The human discoidin domain receptors, DDR1 and DDR2, are unusual receptor tyrosine kinases that are activated by a major constituent of the extracellular matrix, collagen. The DDRs play fundamental roles in cell adhesion, migration and proliferation, and regulate matrix remodelling. With regards to human health, they are implicated in the progression of fibrotic diseases, arthritis and several types of cancer. Understanding DDR function at the molecular and cellular level is of great importance, but many fundamental questions remain unanswered. We previously showed that the DDRs are constitutively dimeric in the absence of ligand, unlike conventional receptor tyrosine kinases, and that specific residues within the DDR transmembrane domain are essential for receptor activation. We also determined crystal structures of the entire DDR1 ectodomain and of the DDR2 discoidin domain bound to an agonistic collagen peptide. The aim of this proposal is to define the mechanism of transmembrane signalling by constitutive DDR dimers. Using protein crystallography and our own function-blocking anti-DDR1 monoclonal antibodies we will reveal the binding modes of antagonistic collagen sequences and the conformation of the DDR1 dimer in its inactive state. Using extensive site-directed mutagenesis we will identify the DDR1 regions and dimer contacts that are associated with receptor activation. Finally, we want to generate functional anti-DDR2 monoclonal antibodies to enable further structure-function studies. The proposed research will provide detailed mechanistic insight into how the dimeric DDRs transmit a signal across the cell membrane. In addition, our research will generate unique tools that may prove valuable in the development of therapies that target unwanted DDR signalling in human diseases.
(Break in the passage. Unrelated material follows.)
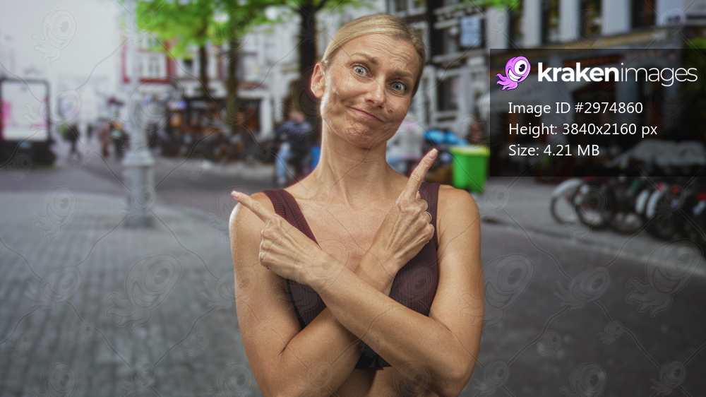 Woman crossing arms with fingers pointing upward on a city street, wearing sports bra and ponytail; confidence curiosity.
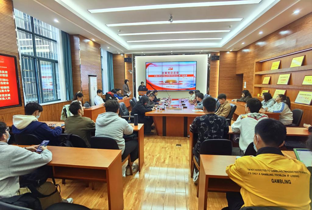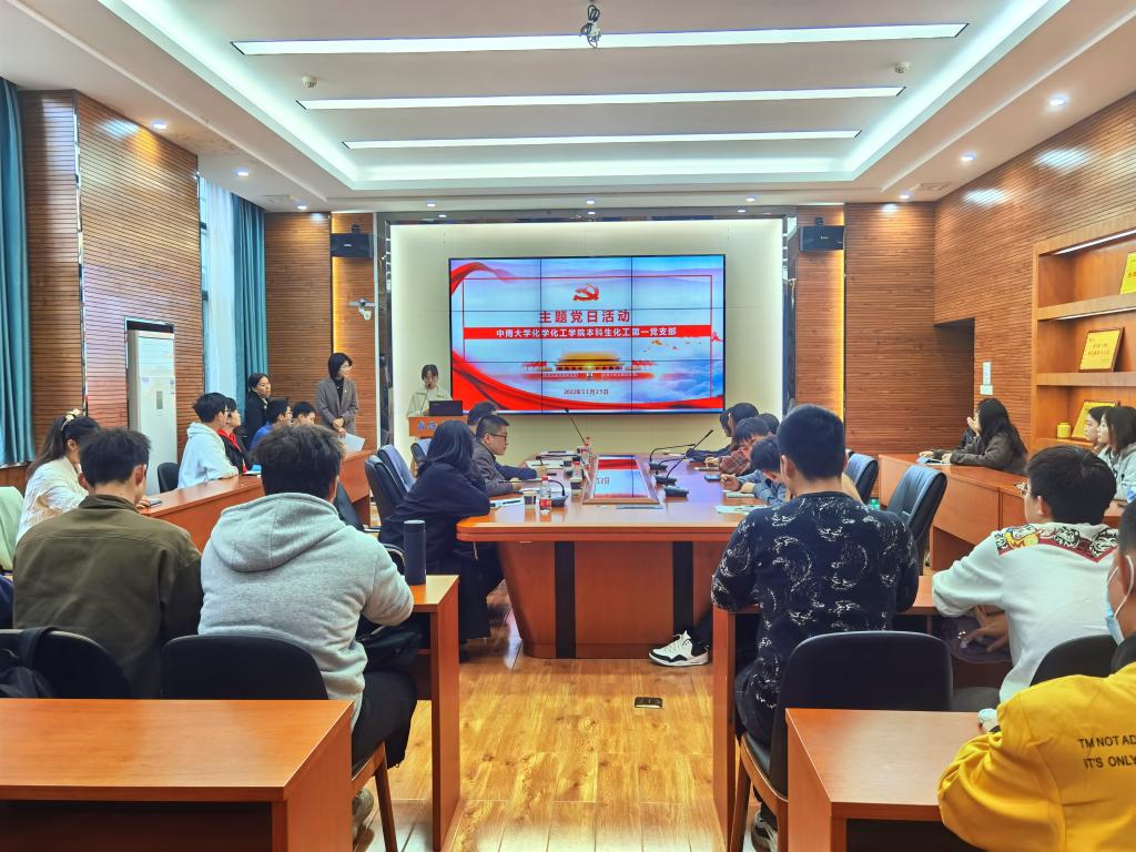 2022年11月25日下午3时,本科生化工第一党支部在化学楼129初心讲堂开展11月份主题党日活动。支部书记肖茜斤主持活动。联系支部的校党委党校常务副校长、组织部副部长赵永正讲授专题党课,联系支部的院党委委员、办公室主任朱敏同志到会指导,院党委委员、专职组织员李璞同志,专职组织员汪菁垚同志列席参加,支部全体党员、发展对象、入党积极分子代表参加活动。

The proposed research will significantly advance the knowledge base of academic research into receptor tyrosine kinases and collagens. Researchers in many fields will profit directly from the fundamental insights and reagents that will be generated by our research (for details, see the section on academic beneficiaries). Although the proposed research is basic, it is conceivable that commercially exploitable results will be obtained. Any intellectual property arising from this research grant will be exploited through Imperial College Innovations Ltd, the College's technology transfer company. As the DDRs are new drug targets for a number of human diseases, pharmaceutical companies aiming to develop anti-DDR compounds will be interested in the results of our studies. In this regard, BL has already consulted for Novartis Institute of Biomedical Research, Horsham, UK and Boehringer Ingelheim Pharmaceuticals USA, who are establishing a drug development programme against unwanted DDR signalling. A detailed biochemical understanding of the DDR activation mechanism is likely to be required for any such programme. Other receptor tyrosine kinases (RTKs) are the targets of several drugs, but our recent research has identified fundamental mechanistic differences between DDRs and canonical RTKs. The proposed research will provide the necessary framework for future diagnostic and therapeutic applications. The generation of anti-DDR2 monoclonal antibodies (mAbs) in rabbits may benefit patients in the long term, if these mAbs can be developed into drugs. We already obtained mouse anti-DDR1 mAbs that inhibit DDR1 signalling, and aim to obtain rabbit mAbs against DDR2 with similar characteristics. Like mouse mAbs, rabbit mAbs will need to be humanised before they can be used as drugs in humans, but this process is firmly established. Rabbit mAbs have a potential advantage over mouse mAbs in that they are often cross-reactive with the mouse antigens. Thus rabbit mAbs can be used in mouse models of human diseases, which is extremely useful for pre-clinical evaluations.